What is expected
The entries below contain a line with "clean and tidy." and a line with "在5月20日上午,余良保同志". Quote exactly those two lines and all lines between them.

Records for the exercise
********

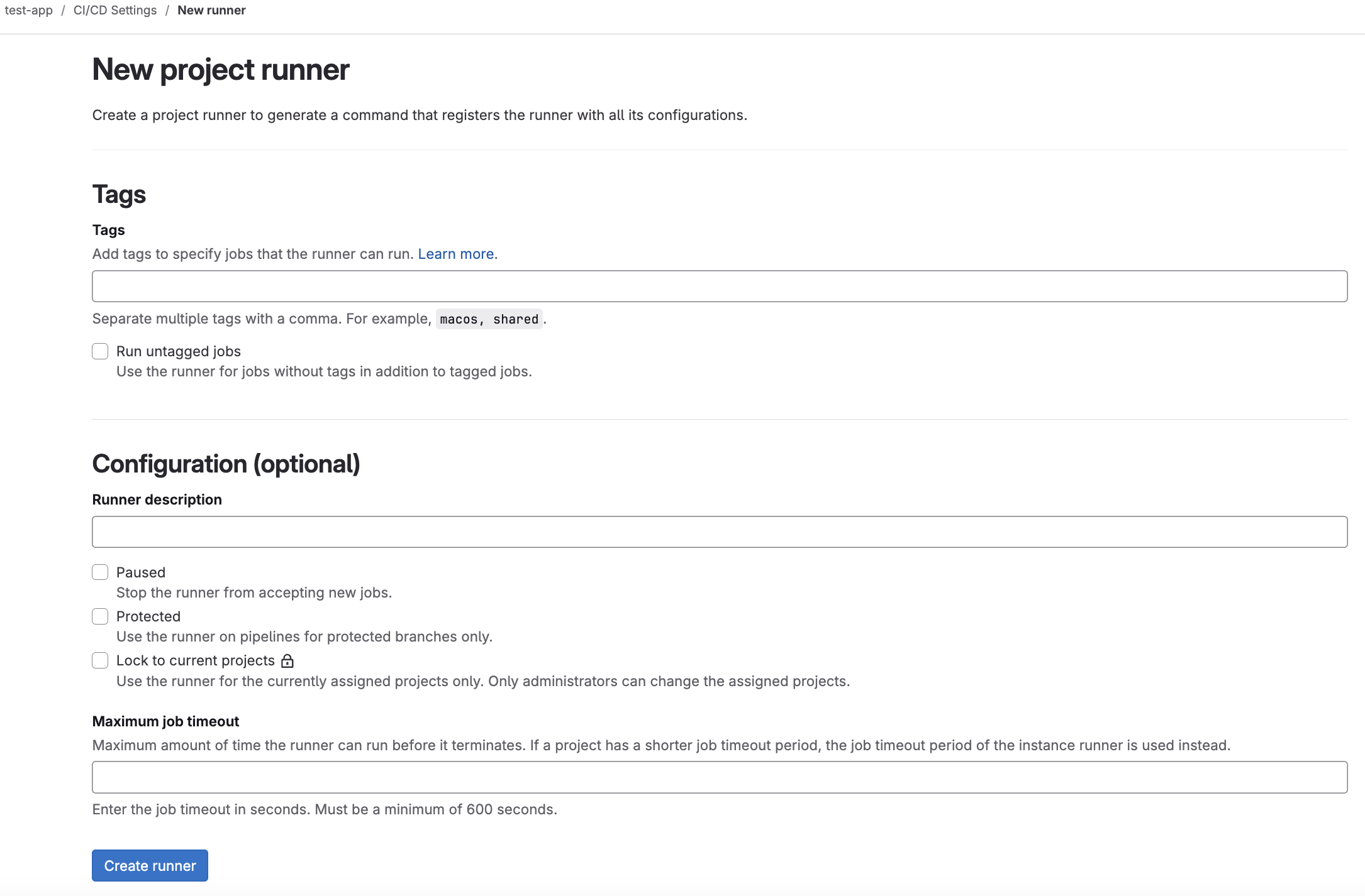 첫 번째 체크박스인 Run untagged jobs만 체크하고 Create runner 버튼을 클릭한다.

********

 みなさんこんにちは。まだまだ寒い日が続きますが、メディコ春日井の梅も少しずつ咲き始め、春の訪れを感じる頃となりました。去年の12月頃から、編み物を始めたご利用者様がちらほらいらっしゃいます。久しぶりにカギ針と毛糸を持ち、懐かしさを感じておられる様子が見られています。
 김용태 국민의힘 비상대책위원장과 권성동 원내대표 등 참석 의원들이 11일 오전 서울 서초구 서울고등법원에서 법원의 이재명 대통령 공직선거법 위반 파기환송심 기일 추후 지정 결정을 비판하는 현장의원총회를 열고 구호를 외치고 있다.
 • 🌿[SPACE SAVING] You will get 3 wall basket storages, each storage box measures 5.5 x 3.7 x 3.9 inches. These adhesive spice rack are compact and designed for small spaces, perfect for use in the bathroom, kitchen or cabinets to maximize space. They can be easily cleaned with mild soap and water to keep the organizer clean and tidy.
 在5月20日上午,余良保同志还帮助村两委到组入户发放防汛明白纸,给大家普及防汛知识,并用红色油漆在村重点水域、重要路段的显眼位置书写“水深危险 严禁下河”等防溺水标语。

********

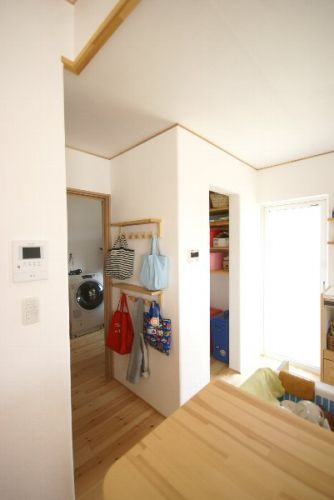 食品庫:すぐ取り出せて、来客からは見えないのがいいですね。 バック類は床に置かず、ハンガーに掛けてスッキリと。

********

Answer box
 • 🌿[SPACE SAVING] You will get 3 wall basket storages, each storage box measures 5.5 x 3.7 x 3.9 inches. These adhesive spice rack are compact and designed for small spaces, perfect for use in the bathroom, kitchen or cabinets to maximize space. They can be easily cleaned with mild soap and water to keep the organizer clean and tidy.
 在5月20日上午,余良保同志还帮助村两委到组入户发放防汛明白纸,给大家普及防汛知识,并用红色油漆在村重点水域、重要路段的显眼位置书写“水深危险 严禁下河”等防溺水标语。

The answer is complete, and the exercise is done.